Cierta vez le preguntaron si le producía placer atesorar tantas lenguas. Respondió que no le daba placer, y que tampoco consideraba que fuera un tesoro. Era  una capacidad innata que le brindaba la posibilidad de escapar hacia otras formas de pensamiento. Era una necesidad, no un placer. Incluso esa capacidad lo había llevado a aprender inutilidades como el esperanto, lo cual demostraba que las capacidades suelen ser muy difíciles de domesticar.
Sin embargo, quería dejar algo que no fuera el mero testimonio de una capacidad. Se aplicó a la escritura, valiéndose de las innumerables culturas que había tratado en libros o personalmente, y de las infinitas lenguas que dominaba. Desde el primer momento demostró un don natural para cultivar  las letras. Poderosa imaginación, firme estructura de los textos, prosa encomiable. Comenzó por la novela, y en cuanto se sintió encadenado, cultivó el ensayo, el cuento, el drama, y hasta el poema. Para ganarse la libertad jamás repitió un texto en un mismo idioma. Más tarde que temprano, le dieron el premio Nobel. Se comentaba por esos días, que si bien la producción de Juan era de una calidad asombrosa, la obtención del premio, que él no esperaba ni quería, se debía principalmente a ese poema japonés y esa famosa  novela de ciencia ficción en gaélico antiguo.

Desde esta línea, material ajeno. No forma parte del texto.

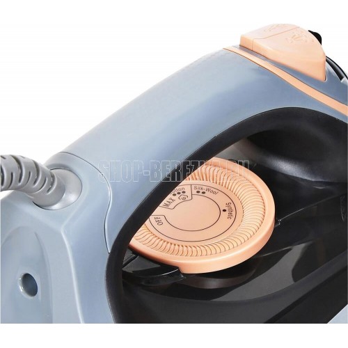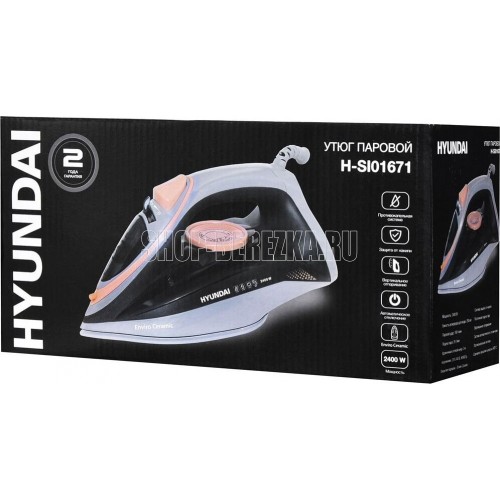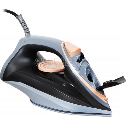 Покрытие подошвы- Enviro ceramic Система защиты от накипи Система автоматического отключения Вертикальное отпаривание Постоянная подача пара Противокапельная система Шарнирное вращение шнура на 360 °С Мощность: 2400 Вт Паровой удар: 160 г/мин Объем резервуара: 250 мл Удлиненный сетевой шнур: 2м Напряжение: 220-240 В, 50/60 Гц
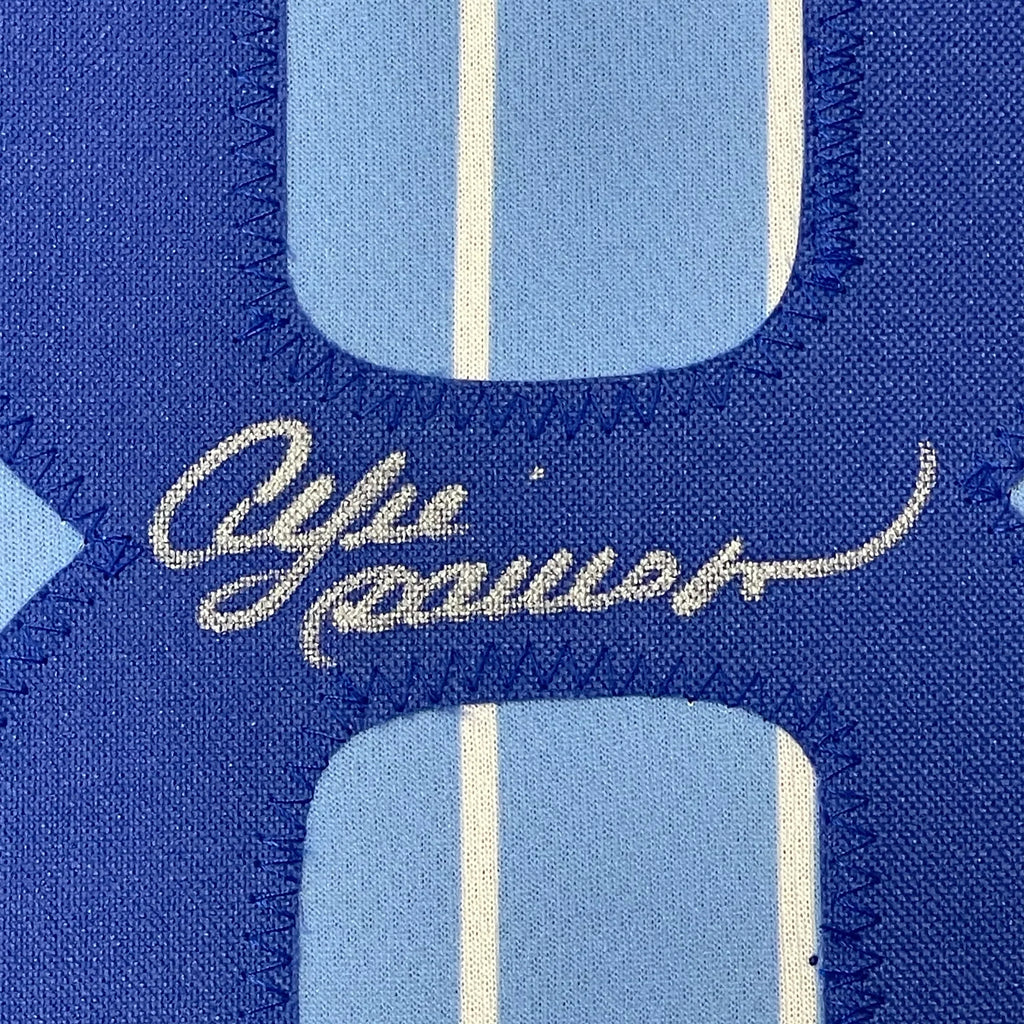 Framed Autographed/Signed Andre Dawson 35x39 Chicago Pinstripe Blue Baseball Jersey JSA COA
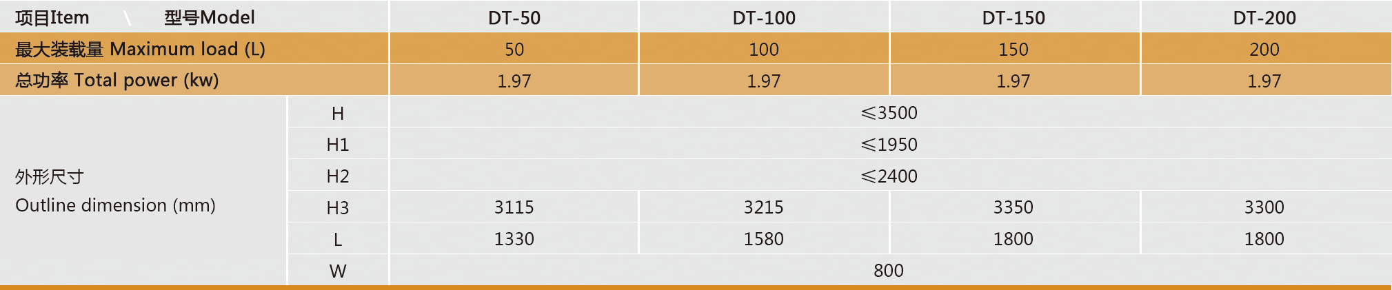 DT型提升机为移动式,整个机组安装于可移动的推车上,料桶夹持臂在提升到一 定高度后,可做任意角度的旋转,在支撑臂的上方和下方均装有限位器,可自动检测装料桶的上升与下降高度,确保送料高度的准确、安全、到位。待料斗到位 后,打开碟阀即可出料。

A los ochenta años relajó la mente y dejó los libros, tanto los que leía como los que paría. Había escrito en una enorme cantidad de lenguas, vivas y muertas. Le dedicó al menos un breve cuento a todos los idiomas que dominaba, que eran todos. No tenía mucha inclinación por el ingles y el castellano, pues los suponía vulgares y demasiado transitados. Pero no los rechazó The jail y Las cadenas de la cultura lo prueban. Si, a los ochenta años dejó todo, pero continuó viajando para experimentar la vivencia de lo otro, lo diferente. Cuando las agresiones de la vejez atentaron contra su vida nómada, y tuvo que decidir un paradero, eligió una aldea de los trobiandeses, cuya lengua consideraba superior. Él les había dedicado una novela, que estos iletrados no sospechaban, en la cual se indagaba con agudo ingenio sobre las preocupaciones metafísicas de los esquimales. (Afortunadamente, Juan era demasiado inteligente como para confundir los beneficios de una lengua con un pueblo y su cultura.)

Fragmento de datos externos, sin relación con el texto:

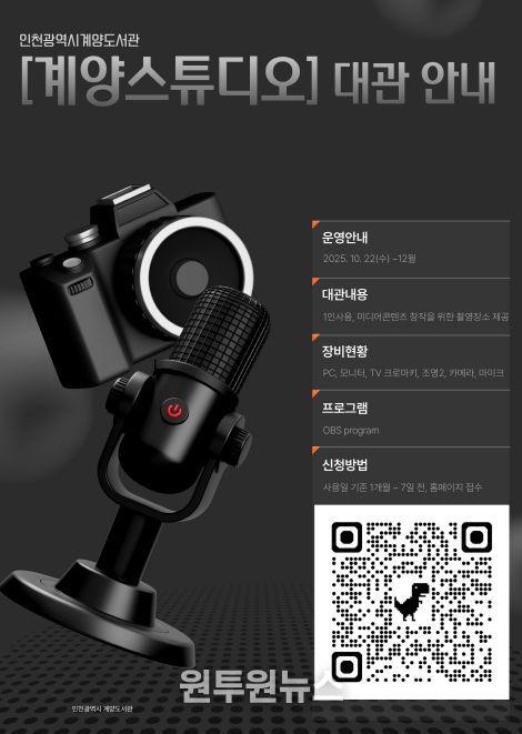 (원투원뉴스) 인천광역시교육청계양도서관은 지역 주민의 창의적 미디어 활동을 지원하기 위해 1층 어린이열람실 일부 공간에‘계양 스튜디오’를 조성하고 10월 22일부터 누리집 및 전화를 통해 무료 대관을 시작한다.
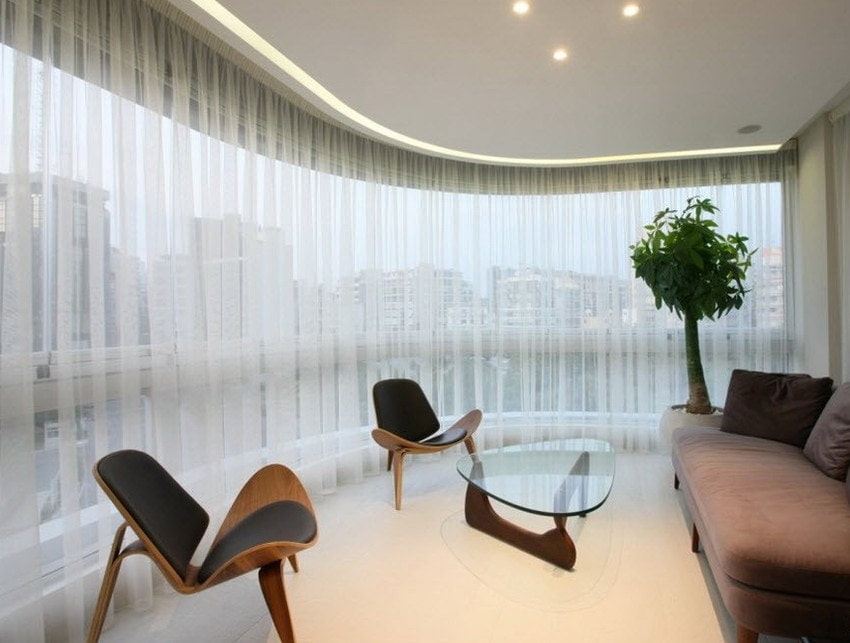 The photo shows a modern-style hall with light curtains.
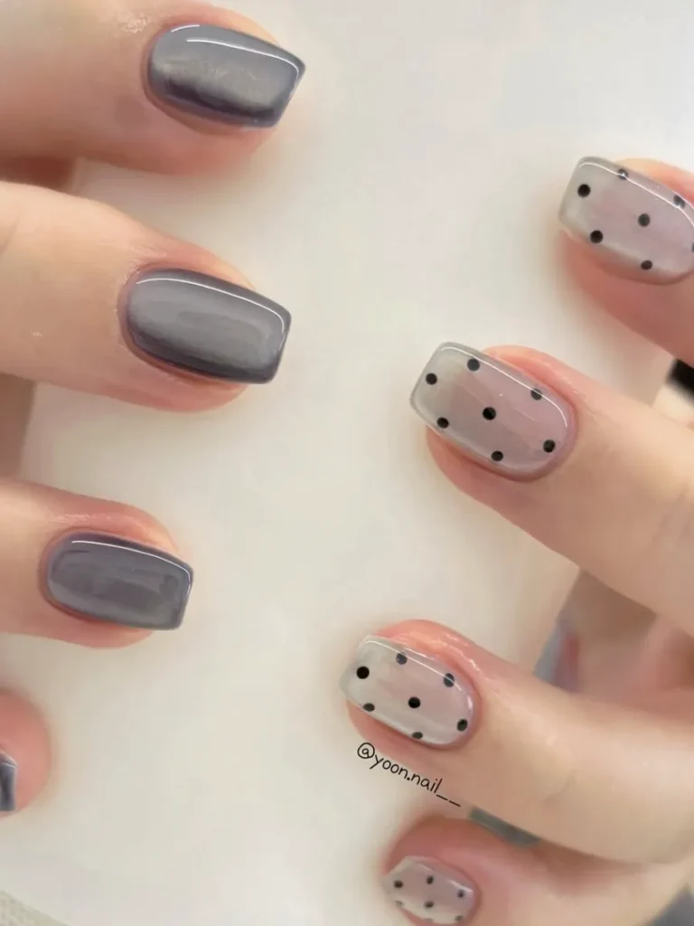 I keep thinking this combo looks calm but still fun. Light blue mixed with soft teal feels fresh, almost like sea foam in sunlight. Tiny dots make it a little playful, the kind of detail that makes you smile when you notice it.
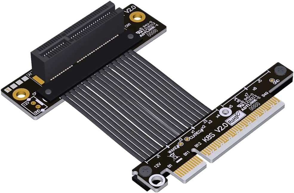 JMT ADT-K82S PCIE5.0 x4 to x8 Extension Adapter Gen5 128Gbps High Speed Support Network Card, Hard Drive, USB Card Product Detail: Product Model: K82 Series Product Name: PCIe 5.0 x4 to x8 Adapter Extension Cable Cable Length: 15cm, Custom lengths supported. Speed Bandwidth: PCIe 5.0 x4 Gen5, 128Gbps Compatible Cards: Network cards, capture cards, USB cards,SSD cards. Supported if the PCIe card is x4 and the motherboard slot is x8. Cable Length Specification:Cable length refers only to the wire section, excluding PCB and connectors. Lengths may vary slightly. The cable is a fifth-generation PCIe-specific black slim profile with a thickness of 0.8mm. It is highly flexible and bendable without affecting functionality, but should not be pulled. Product Model Description: K82SF-BK: PCIe 5.0 x4 to x8 Extension Cable, Standard Version,Open Female Header 180° Panel Mount Straight Type, Slim Cable. K82SL-BK: PCIe 5.0 x4 to x8 Extension Cable, Standard Version,Open Female Header 90° Upward Angle Type, Slim Cable. K82SR-BK: PCIe 5.0 x4 to x8 Extension Cable, Standard Version,Open Female Header 270° Downward Angle Type, Slim Cable. Important Notes: 1. Always verify the correct orientation when plugging in. Avoid reverse or misaligned insertion to prevent device damage. When connecting, first secure the device's socket before inserting the cable to prevent excessive force that could break socket pins. Do not bend or pull the cable within 2cm of the solder joints at either end. 2. Signal transmission capabilities vary across different motherboards and devices.Signal degradation occurs whenever an extension cable is used.

Antes de terminar me gustaría agregar algo sobre la posible reclusión de nuestro escritor y políglota entre la libertad de los trobiandeses.
Curiosamente todos los libros de Juan fueron traducidos a todos los idiomas, aunque él jamás tradujo uno. Incluso hubo quienes tuvieron que aprender ignoradas lenguas para tal fin  ¿ Era una cuestión de principios? Por último, se mostraba huraño con los diccionarios y los manuales. Allí se leía: Juan Ecuménico, seudónimo de Jesús Espinosa, escritor argentino nacido en 1899. Sí. Definitivamente era una cuestión de principios.

Y Dios confundió las lenguas para que no se confundan los pueblos, dispersándolos sobre la faz de la tierra,  para preservar a aquel que había elegido.
Exégesis del Génesis, de mi autoría.